P.s.: não escrevi mais pois o trabalho tinha limite de caracteres. Acho que consegui resumir o que aconteceu naquele dia. Embora óbvio, que fique claro: Gustavo Szuster não se resume apenas a estas qualidades que destaquei.
Na bateria do ator
O show começa sem maiores atrasos. A banda composta por quatro integrantes começa a tocar a primeira música de seu último CD para uma plateia diferente entre si, mas sem preconceitos. Domingo à tarde, um belo sol presenteava aquela rua da Vila Madalena que fazia parte de uma feira que ocorre há 35 anos naquele mesmo bairro.

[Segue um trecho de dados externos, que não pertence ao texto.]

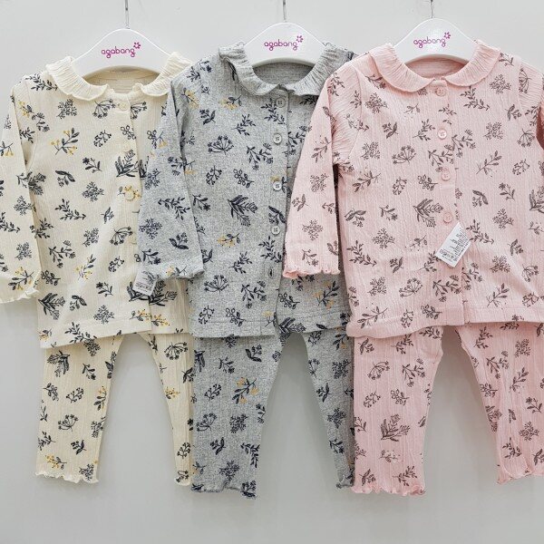 시어서커스타일의 원단으로 실내복이지만 데일리룩처럼 편하게 입힐수있는 옷입니다. 90부터는 어깨단추로 되어있습니다.

Normalmente, o som da bateria tem um belo destaque, mas não é possível prestar tanta atenção ao baterista porque o vocalista fica à sua frente. Não é o que acontece com Gustavo Szuster. Com o dom de tocar bateria, ele se destaca na banda à qual pertence. Enquanto exerce uma de suas funções, seus cabelos loiros e lisos voam à medida que a força com a qual ele bate a baqueta aumenta. As caretas que faz e seus movimentos rápidos mostram como é bom naquilo que escolheu fazer.
Com uma camiseta preta, uma bermuda jeans e um par de tênis da marca Adidas, ele deixa o palco após aproximadamente 50 minutos de pura dedicação. Nesse meio tempo foi possível perceber alguns sorrisos, olhares focados na plateia e pouquíssimos minutos completamente parado, respirando ofegante depois de mais uma canção que exigiu muito de seu corpo. É ele que, batendo uma baqueta na outra, faz a contagem para que a próxima música possa começar, assim como a maioria dos bateristas faz. Num desses momentos, ele e os outros homens da banda não se entrosaram e quase que a música começa sem o consentimento de todos, até que perceberam, se entreolharam e riram, refazendo a contagem e permitindo que a música começasse na sua devida hora.
Depois de, literalmente, dar um show, ele desce do palco e vai para a parte de trás deste. Cansado, suado e bem humorado, Gustavo aparece pouco depois à frente do palco para cumprimentar os fãs que aguardavam o momento certo para se dirigirem aos ídolos. Com maquiagem nos olhos, diz que está cansado porque foi dormir à 1h30 e acordou às 3 da manhã para gravar um comercial de uma concessionária das 4h até quase a hora do show. Ainda assim, ele foi completamente atencioso com aqueles que ali estavam.
Além de músico, Gutto - como gosta de ser chamado -, é ator. Por isso estava gravando o tal comercial. Recentemente recebeu o prêmio de Melhor Ator no Festival de Gramado, com o filme "24 horas com Carolina".
Desde o começo ele tinha dito que gostaria de tomar um chopp. Quando acabou de tocar, ganhou um e enquanto o bebia, conversava com os outros integrantes e alguns fãs, num papo descontraído e divertido, fazendo com que fosse possível ver o seu sorriso muitas vezes. Após o pedido de uma fã, ele foi tirar uma foto com ela e, ao ver a foto, reclamou: "Estou com cara de acabado". Tiraram outra, com a seguinte afirmação dele: "Vamos ver se saio com uma cara melhor" e ao ver o resultado, fez a mesma reclamação da foto anterior. Desencanando de tirar outra foto, sorriu e voltou a conversar.
Depois de bons minutos ao ar livre, com a noite chegando e a lembrança de que o dia seguinte era uma segunda-feira, Gustavo - que não tirou sua mochila das costas desde que desceu do palco - deixou o evento com dois dos seus três companheiros de banda, sob os olhares de uma admiradora que gostaria de ganhar mais um abraço, esperando pelo próximo dia que poderá apreciar mais um grande show e alguns minutos da atenção de seus queridos músicos. Em especial, daquele loiro que está se tornando o seu "xodó" na banda.